«Ловко!» Изумлению Ивана Григорьевича не было предела. Он был счастлив, что его не убили и даже не избили. Он уже слышал, что с началом перестройки в Прикордонном передвигаются по ночному городу только группами, рассосредоточенно и с оружием. Таких пешеходов грабители, как правило, пропускали беспрепятственно, так как те стреляют без предупреждения. Уже не один грабитель поплатился жизнью. Утром на месте перестрелки обычно трупов не находят, разве что лужи крови. Но для милиции кровь не доказательство, что здесь кого-то убили. Такие происшествия не фиксируются. Сами же бандиты на судьбу жалуются: живется нелегко, деньги добывают с риском для жизни, и все потому что в Прикордонном только ленивый не имеет оружия.

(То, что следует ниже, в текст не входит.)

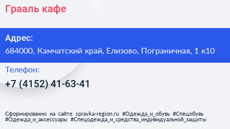 Грааль, кафе по адресу 684000, Камчатский край, Елизово, Пограничная, 1 к10 в дальнейшем Организация, размещена в следующих категориях:
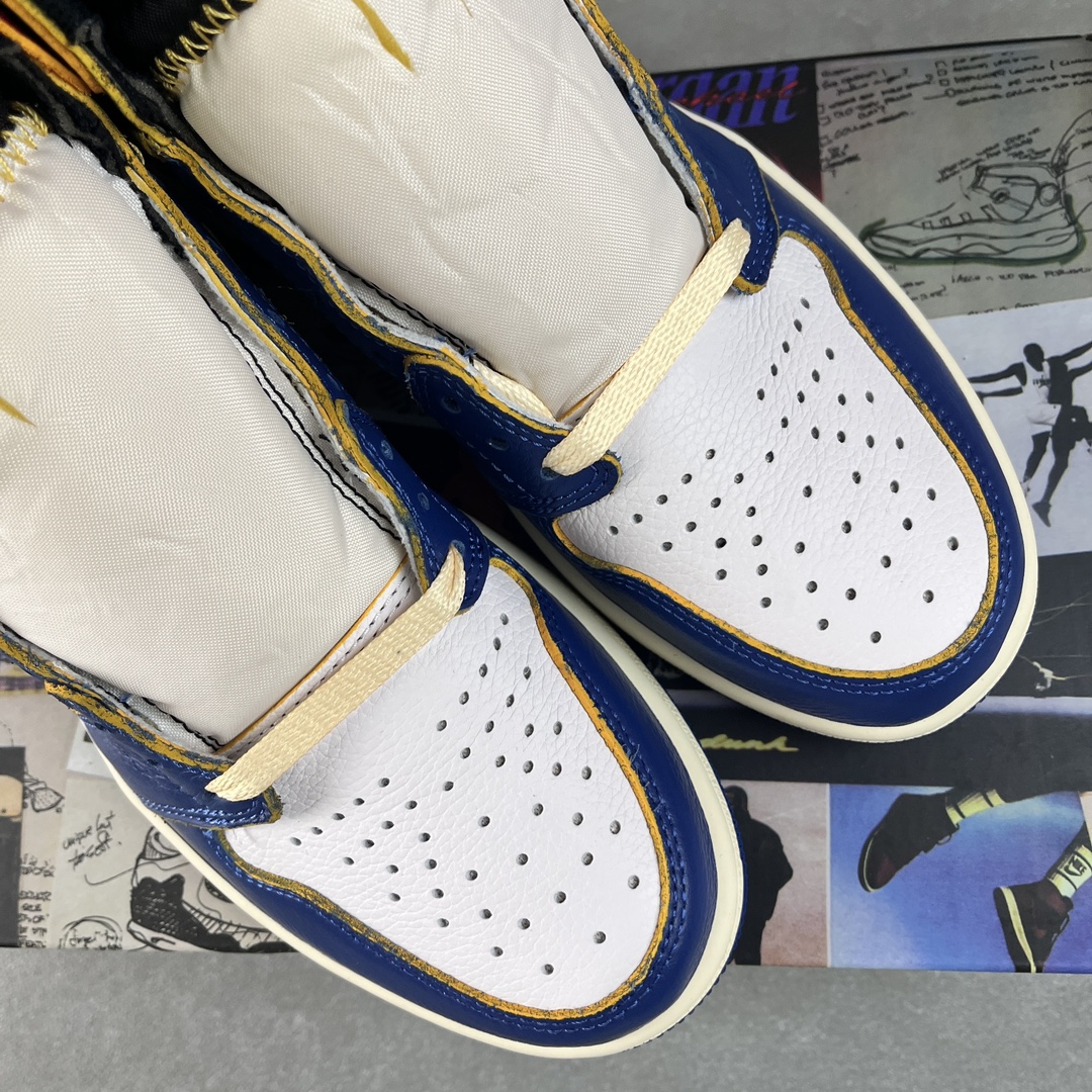 Vysoké tenisky Air Jordan 1 Retro High Union Los Angeles Blue Toe ve spolupráci se značkou z Los Angeles – Union LA. Tyto Jordany jsou jedny z nejvíce limitovaných a exkluzivních tenisek vůbec. Napodobují old school/vintage vizuální zpracování jako právě tenisky, které Michael Jordan v roce 1985 obul na palubovku.
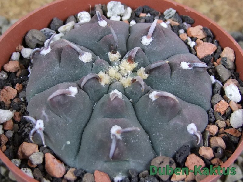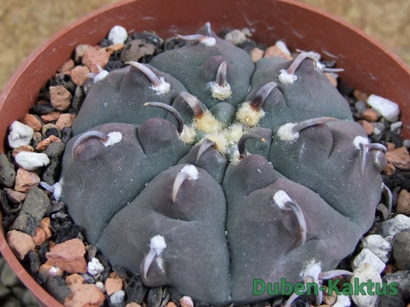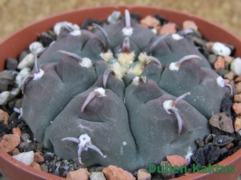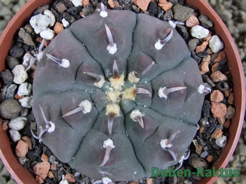 Gymnocalycium watteri unguispinum, postupnou selekcí jsme vyšlechtili Gymnocalycium s krátkými drápkatými trny. Kaktus, který zachovává diskovitý tvar i po 20 letech. Pří výsevu těchto kaktusů je 80% drápkatých rostlin.
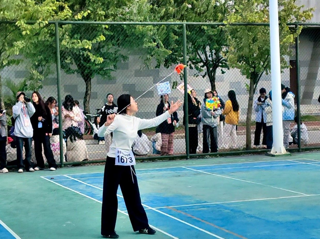 10月21日下午,华体会平台(中国)运动会甲组女子高杆投绣球决赛在武鸣校区松园田径场精彩开赛。
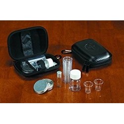 "Zippered Vinyl Case with Caribiner hook, Plastic Cups, Aluminum Box, Glass Oil Vial, Plastic Bottle"
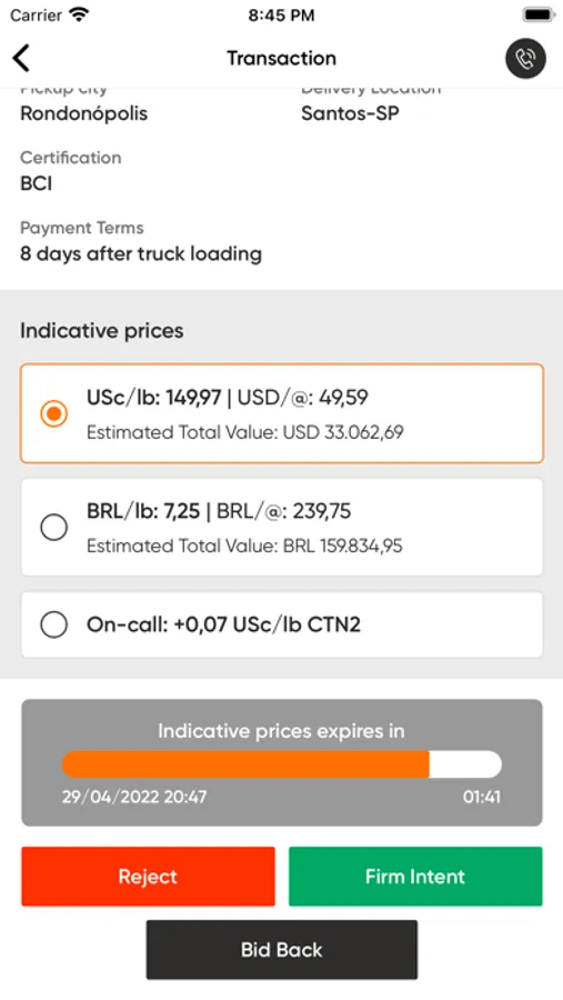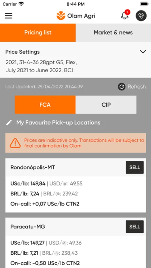 “Olam Direct: Algodão Brasil | Barter app” enables sales representatives from the Barter companies (pre-registered/authorized by Olam) to view live & custom prices trends per distinct cotton types & locations, contract types (FCA, CIP, FOB (soon), Landed Mill (soon) and price types (USD, BRL and OnCall) besides to allow transactions with Olam by assigning farmers previously registered in the platform.
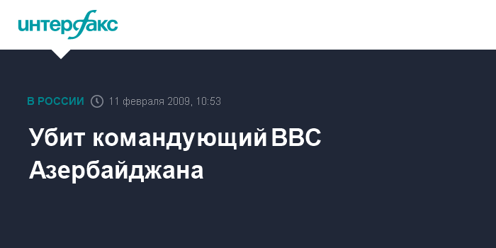 Москва. 11 февраля. INTERFAX.RU - Командующий ВВС Азербайджана генерал Раиль Рзаев был убит в среду утром, сообщил агентству "Интерфакс-Азербайджан" источник в правоохранительных органах.
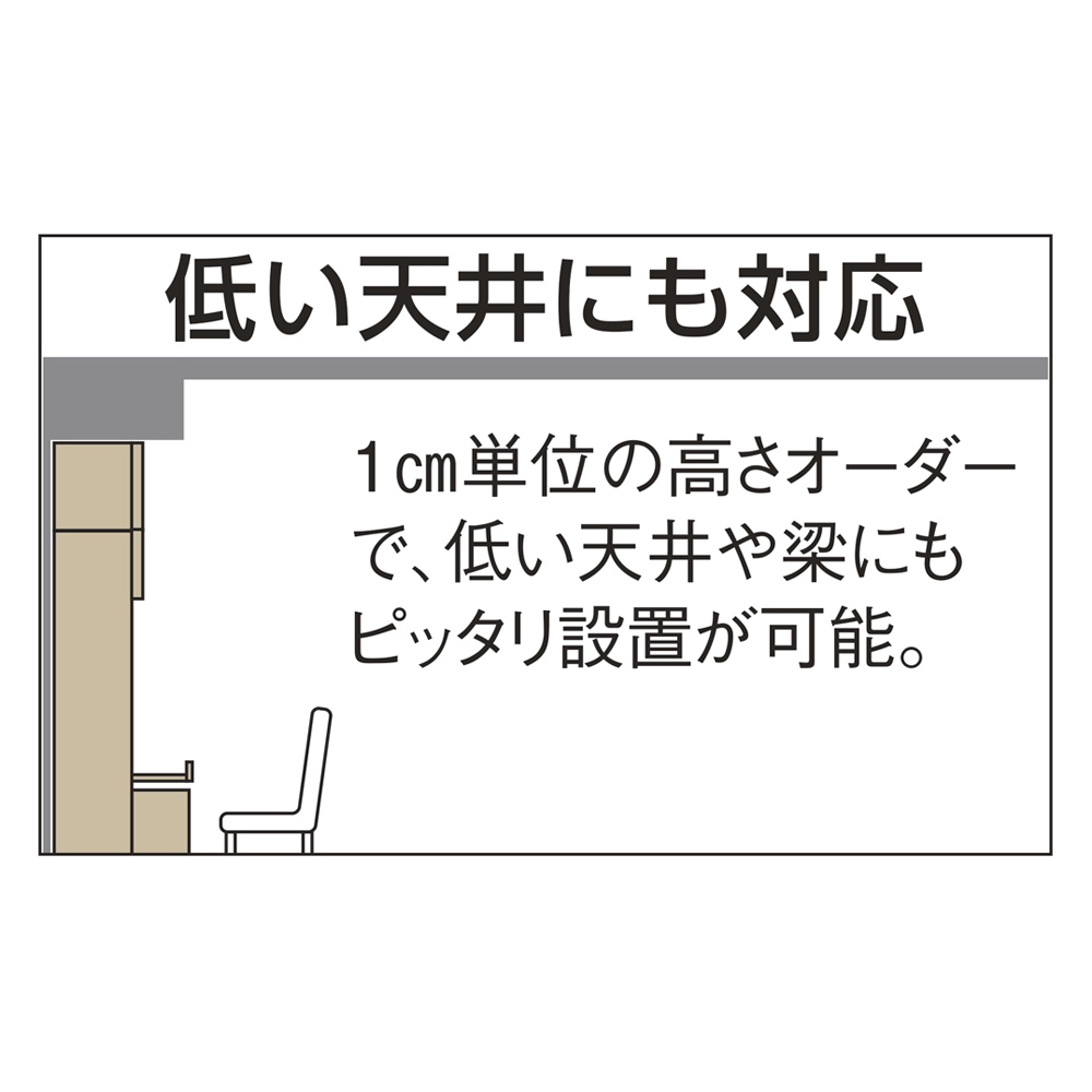 ●同シリーズのオーダー対応上置きと組み合わせれば、天井までのスペースいっぱいを収納棚としてご利用いただけます。
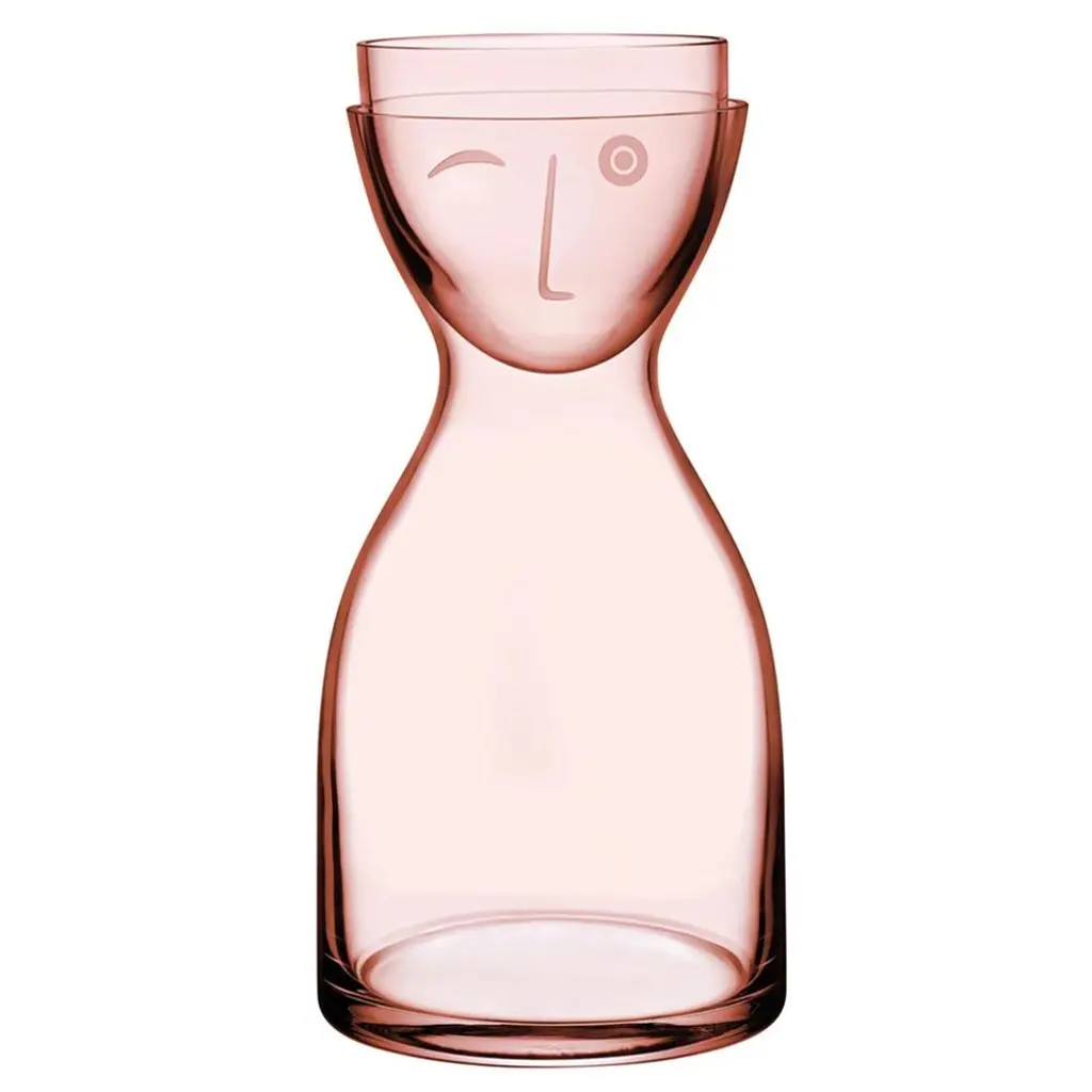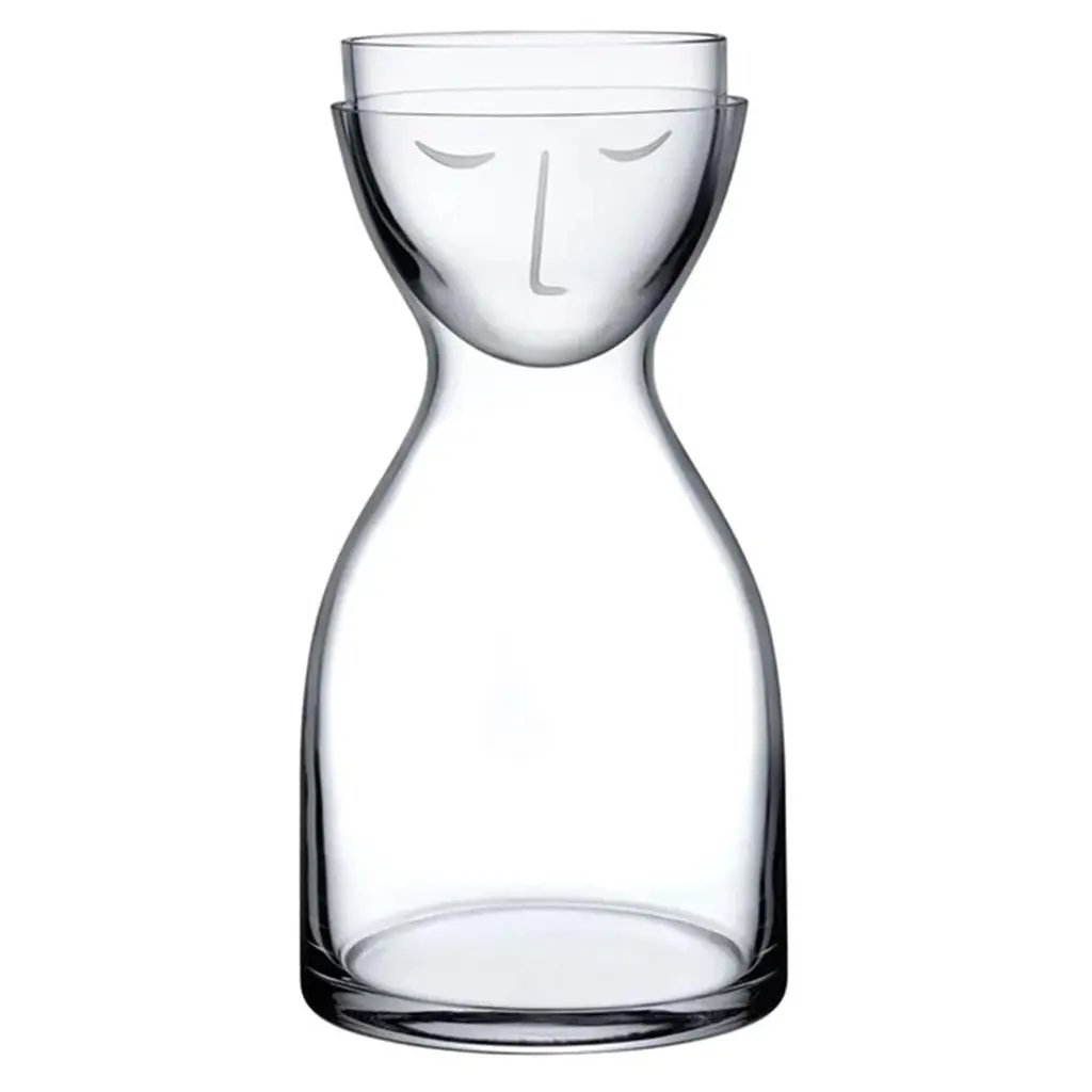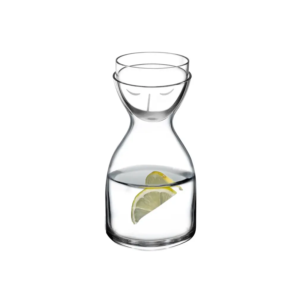 A chic carafe for bedside hydration, the Mr. & Mrs. Night Water Set from Nude Glass is an elegant and playful beverage server. Handcrafted from mouth-blown glass, the drinking cup doubles as a bottle lid and is adorned with a cute sleeping or winking motif. Designed for bedside refreshment in a residential setting, the drinking glass has a rounded base to return to its top spot. Perfect as a wedding gift! Highlights

Раздетый, разутый, но счастливый, что живой, Иван Григорьевич с саквояжем в руке бежал трусцой по пустынному тротуару, оставляя за собою четкие следы снежного человека.
В квартиру его впустили сразу. Собственно, никто его и не впускал — дверь была не заперта. Из кухни послышался растерянный голос Надежды Петровны:
— Ноги можете не вытирать. Наследили…
Он и не вытирал. Подошвы горели, так как не было навыка ходить по снегу босиком. Он нашел под вешалкой знакомые тапочки, сунул в них оледеневшие ноги.
Анатолий Зосимович лежал на диване, прикрыв лицо руками. Руки были по локоть в крови.
— Что с вами?
— Женечка, сыночек, по переносице…
Удар был страшен. Видно, что не кулаком.
— Чистое полотенце! Холодную воду! — распорядился доктор. — А лучше — лед.
Надежда Петровна, простоволосая, с перекошенным от испуга лицом, поспешила к холодильнику — за льдом. Игорек принес воду и полотенце. В его руках тазик с водой дрожал, образуя зыбь: мальчика бил озноб.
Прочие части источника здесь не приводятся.